We acknowledge, but find unpersuasive, the Risk Pool Association's reliance on Bryant v. State Farm Mutual Automobile Insurance, 205 Va. 897, 140 S.E.2d 817 (1965), and Nationwide Mutual Insurance v. Hill, 247 Va. 78, 439 S.E.2d 335 (1994), both of which involve the unique statutory requirements applicable to uninsured and underinsured motorist coverage.

See Russ & Segalla, supra, § 219:28, at 219–33 (“If the insured has other similar insurance available to him the Company shall not be liable for a greater proportion of any loss to which this Coverage applies than the limits of liability hereunder bear to the sum of the applicable limits of liability of this insurance and any such other insurance.” (alterations omitted)); id. at 219–33 to –34 (setting forth more complex pro-rata formulas and collecting cases involving the same).

As we observed earlier, DRM is not a private insurance company. It is a division of the Virginia Department of the Treasury. See Code § 2.2–1839. In Code § 2.2–1839, the General Assembly tasked DRM with developing a voluntary and affordable alternative to market-based insurance policies for various state and local government entities (as well as specific private individuals and entities) seeking to limit their potential liability. It seems quite unlikely to us that the General Assembly intended DRM's insurance obligations to evaporate merely because a plan participant exercised its right to secure additional primary coverage elsewhere.

We need not examine this hypothesis in any detail, however, because DRM does not advocate for it. DRM does not contend on appeal that its other-coverage provision triggered a total forfeiture of coverage. Appellant's Br. at 22 (“DRM is not attempting to escape its coverage obligations, but is attempting to order competing coverage obligations to best preserve state funds.”); see also J.A. at 423 (DRM counsel's disavowal of the “none at all” interpretation); id. at 475 (DRM's affirmation that it has not “invoked” the other-coverage clause to say “we don't owe a penny in this case”).

Instead, DRM contends that its other-coverage clause merely converted the VaRISK Plan into excess coverage that would be effective only after the sole primary coverage, the VaCorp Policy, had been exhausted. See Appellant's Br. at 22–28; Oral Argument Audio at 2:07 to 2:17 (contending that DRM is simply “last in line” to pay any coverage). Interpreting its other-coverage clause this way, DRM concedes, “does not excuse DRM's duty to provide coverage, but merely states that it is a source of coverage of last resort when all other coverage sources are exhausted.” Id. at 25. Like many other courts, we have approved other-coverage clauses that prioritize coverage in this manner. See State Farm Mut. Auto. Ins. v. United Servs. Auto. Ass'n , 211 Va. 133, 136–38, 176 S.E.2d 327, 330–31 (1970).

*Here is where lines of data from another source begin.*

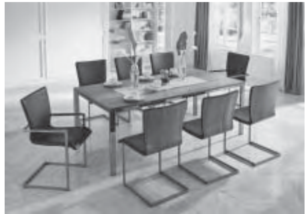
Slika 21. Elegancija i profinjenost blagovaoničkog namještaja u kombinaciji crne kože, metala i drva; proizvođač Koinor

U prostorima stana prevladava individualnost i umjerena decentnost bijele ili crne, s naglašenim detaljima drva. Prostori se povezuju u jedinstvene cjeline, nema jasno naznačenog prijelaza između npr. dnevnog boravka – blagovaonice – kuhinje. Kuhinje su samim time postale prošireni prostor i stilska poveznica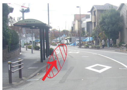
④若葉台四丁目 バス停付近停車場所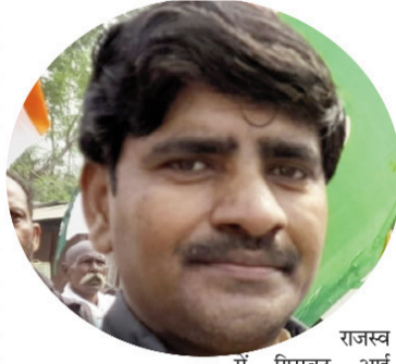
राजस्व में गिरावट आई

फरवरी महीने में 1.49 लाख करोड़ रिकॉर्ड जीएसटी वसूली हुई यह लगातार 12 वें माह रिकॉर्ड संग्रह का प्रमाण है जीएसटी संग्रह फरवरी में घरेलू आर्थिक गतिविधियों और उपभोक्ता खर्च में वृद्धि के बल पर 12% बढ़कर 1.49 लाख करोड़ रुपये हो गए इसके साथ ही उपकर संग्रह जीएसटी लागू होने के बाद अपने सर्वोच्च स्तर पर पहुंच गया है यह लगातार 12वां महीना है जब जीएसटी का मासिक राजस्व 1.40 लाख करोड़ से अधिक रहा है। एक साल पहले के समान महीने में जीएसटी संग्रह 133000 करोड़ रुपये रहा था इस तरह फरवरी 2023 में जीएसटी कर संग्रह सालाना आधार पर 12% बढ़ा है जिसमें बिहार 12% से अधिक अर्थात् 24% का योगदान दिया हालांकि फरवरी में जीएसटी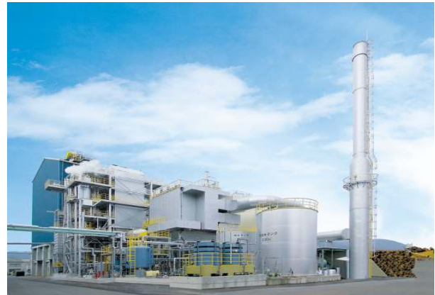
廃木材焚ボイラプラント 広島県、日本 5,000 kW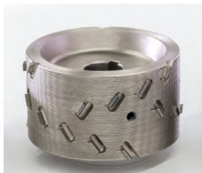
Leuco Diamax airFace

A legtöbb zajt a turbulencia okozza a szárny hátsó szélén. A „bagolyszárny” koncepció a hullámos szárnyvégek által elsimítja a légáramot, és ezáltal csökkenti a zajt, ami egy hangmentes közeli repülést tesz lehetővé és nincs negatív hatással az aerodinamikára.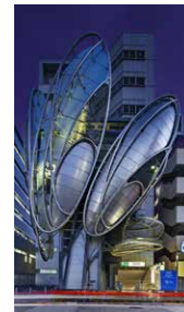
④サム・プリチャード 《LAND OF TECHNOLOGY Iidabashi Station》2014年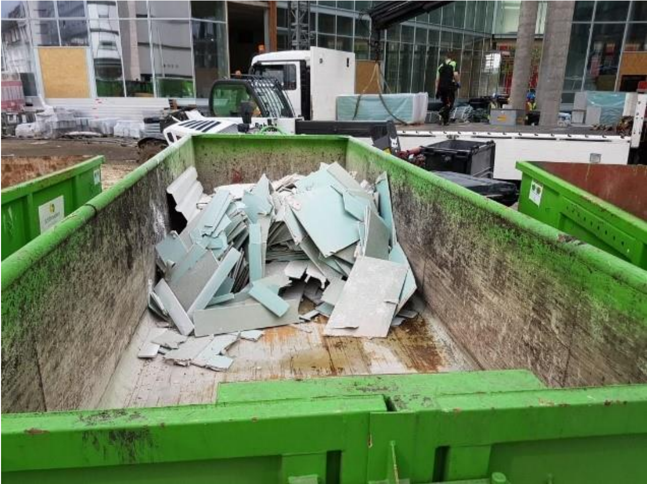
KUVA 11. Rakennustyömaan kipsilevyn kierrätyspiste

Tämä rakennuttaja oli valinnut palvelutason kaksi. Rakennusyritys tuo jätejakeet työmaan keskitetylle jäteasemalle, joka sijaitsee tontille vievän kapean tien päässä. Rakennusyritys lajittelee jätteet ja erottelee eri jätejakeet itse. Lisäksi työmaan siivouksesta huolehtii rakennusyritys. SiteLog GmbH pitää yllä jätejakeiden tilastointia ja dokumentointia.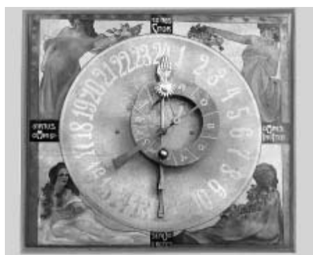
Litomyšlský orloj v roce 1907

uprostřed stran čtverce jsou latinské nápisy, jež při čtení ve směru pohybu hodinových ručiček sestavují větu virtus omni loco nasCitur, omnes InvItat serVos reges . Poměrně kostrbatý překlad textu z roku 1907 nalezneme v litomyšlské městské kronice - Výtečnost na každém místě se rodí, všechny pozývá, nízké i vysoké (doslovnější překlad by mohl znít - Ctnost se rodí na každém místě; všechny vyzývá /vybízí/, otroky i krále) . Nápis je též chronogramem, neboť větší písmena uvádějí v římských číslicích letoopočet 1907. Treba dodat, že dle původní Růžičkovy skici a průvodního dopisu ze 7. května 1907 měly být ženské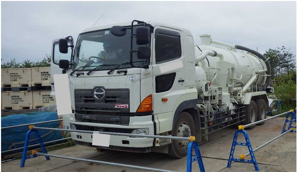
使用車両 (バキューム車／タンク容量10m 3 )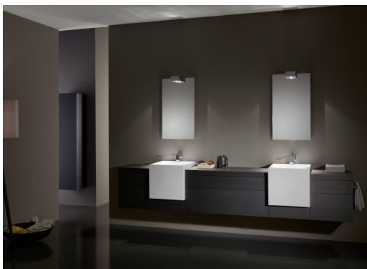
A system addit - Alape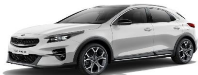
Cassa White (WD)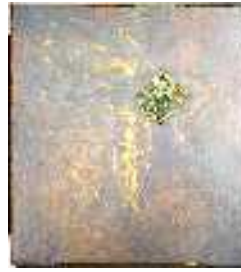
Aigle ailé 2.56x2.29m

See, e.g., Aetna Cas. & Sur. Co. v. CNA Ins., 221 Conn. 779, 606 A.2d 990, 993–94 (1992) (noting that “[p]ublic policy is not violated when ‘other insurance’ clauses are used for the purpose of establishing the order of payment between insurers” so long as “the insured is afforded full indemnification for a loss”); Unigard Ins. Grp. v. Royal Globe Ins., 100 Idaho 123, 594 P.2d 633, 637–38 (1979) (finding competing “other insurance” clauses not mutually repugnant and concluding that “by express language of the three policies,” two “provided primary insurance coverage and the [third] provided excess coverage”); Nationwide Ins. v. Horace Mann Ins., 759 A.2d 9, 13–14 (Pa. Super. Ct. 2000) (holding that one policy's coverage is excess and another policy's coverage is primary and not excess when interpretation of the “other coverage” clauses is not ambiguous and the clauses do not conflict); Fireman's Fund Ins. v. CNA Ins., 177 Vt. 215, 862 A.2d 251, 260 (2004) (same).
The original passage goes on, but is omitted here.